Deriving the average coherence of HDP topics from their coherence at the individual text level is a way to order (and potentially truncate) them. The following function does just that:

def order_subset_by_coherence(dirichlet_model, bow_corpus, num_topics=10, num_keywords=10):
    """
    Orders topics based on their average coherence across the corpus

    Parameters
    ----------
        dirichlet_model : gensim.models.hdpmodel.HdpModel
        bow_corpus : list of lists (contains (id, freq) tuples)
        num_topics : int (default=10)
        num_keywords : int (default=10)

    Returns
    -------
        ordered_topics: list of lists containing topic tokens
    """
    shown_topics = dirichlet_model.show_topics(num_topics=150, # return all topics
                                               num_words=num_keywords,
                                               formatted=False)
    model_topics = [[word[0] for word in topic[1]] for topic in shown_topics]
    topic_corpus = dirichlet_model.__getitem__(bow=bow_corpus, eps=0) # cutoff probability to 0 

    topics_per_response = [response for response in topic_corpus]
    flat_topic_coherences = [item for sublist in topics_per_response for item in sublist]

    significant_topics = list(set([t_c[0] for t_c in flat_topic_coherences])) # those that appear
    topic_averages = [sum([t_c[1] for t_c in flat_topic_coherences if t_c[0] == topic_num]) / len(bow_corpus) \
                      for topic_num in significant_topics]

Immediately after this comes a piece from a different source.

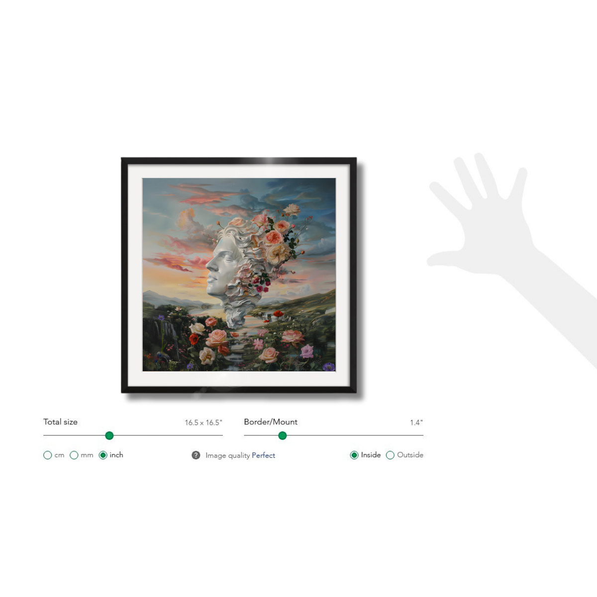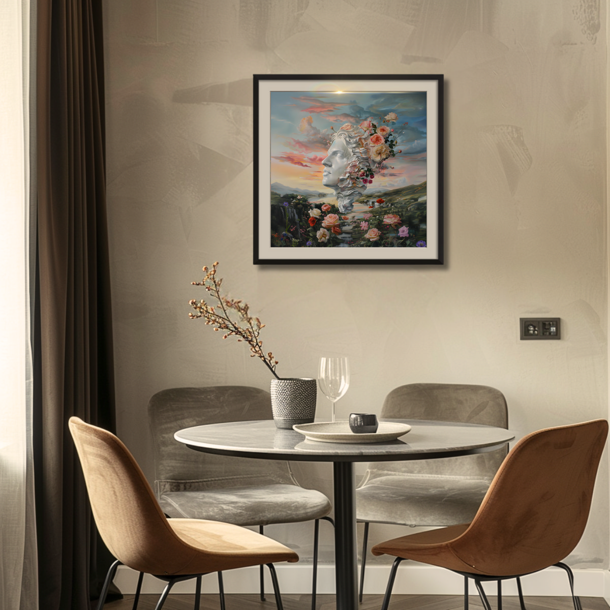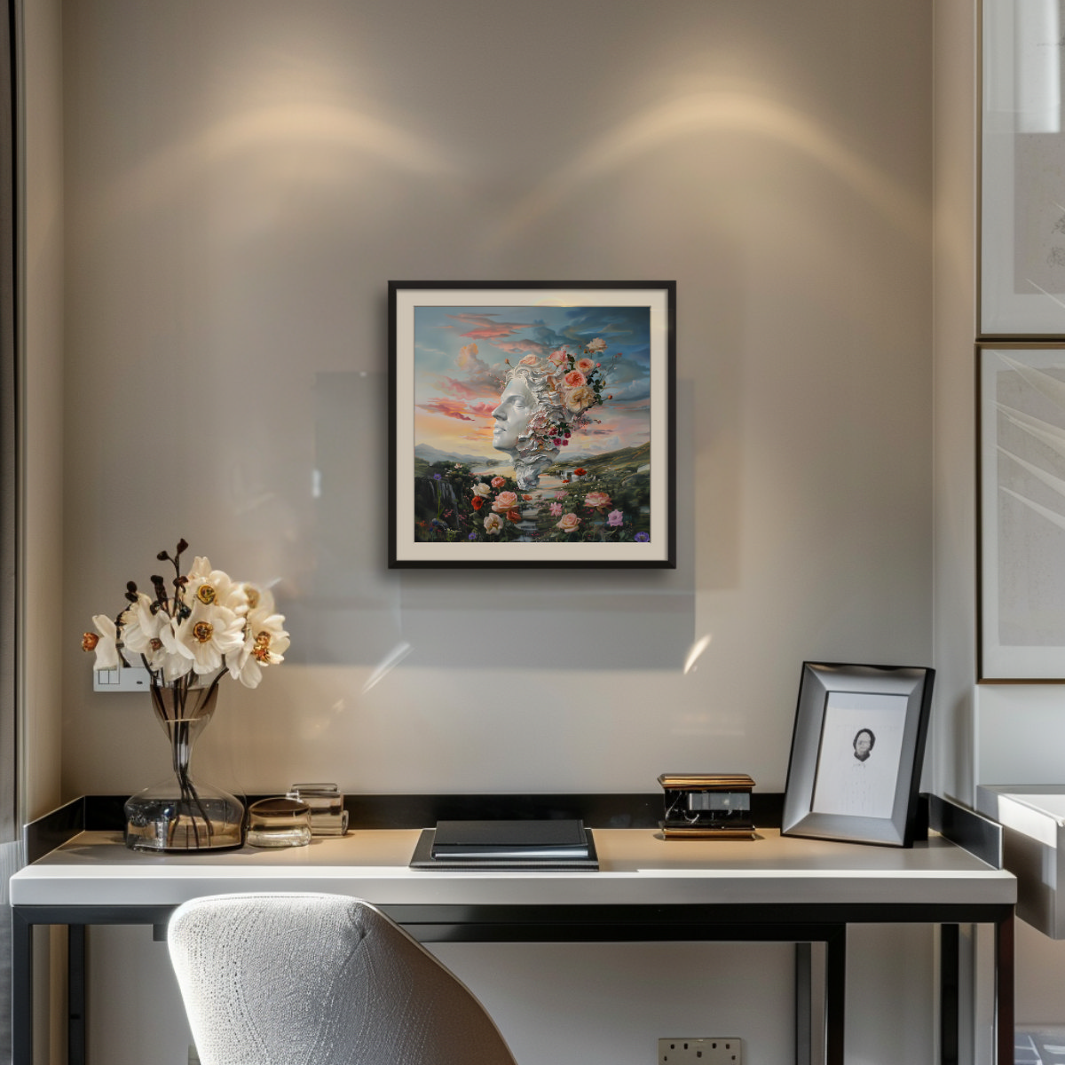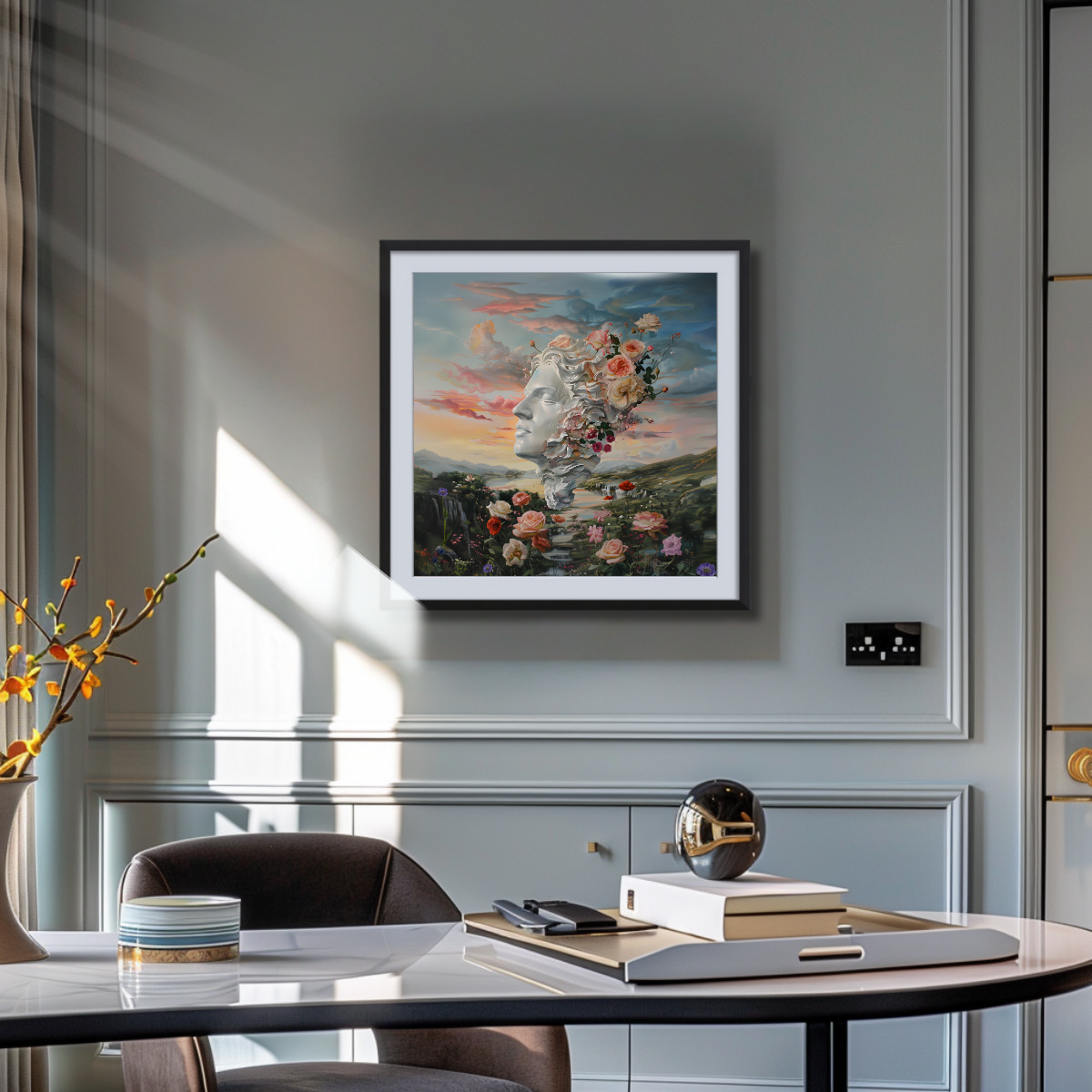 This painting showcases a serene, porcelain head of a young man enveloped by gentle flowers. The muted tones of blues and whites, blended with soft floral accents, convey tranquility and introspection. The floral surroundings symbolize the nurturing environment essential in psychiatric therapy, where calmness and healing are cultivated through gentle care and support.

    topic_indexes_by_avg_coherence = [tup[0] for tup in sorted(enumerate(topic_averages), key=lambda i:i[1])[::-1]]
    significant_topics_by_avg_coherence = [significant_topics[i] for i in topic_indexes_by_avg_coherence]
    ordered_topics = [model_topics[i] for i in significant_topics_by_avg_coherence][:num_topics] # truncate if desired

    return ordered_topics

A version of this function that includes an output of the averages coherences associated with the topics for keyword (tag) generation for a corpus can be found in this answer. A similar process for keywords for individual texts can further be found in this answer.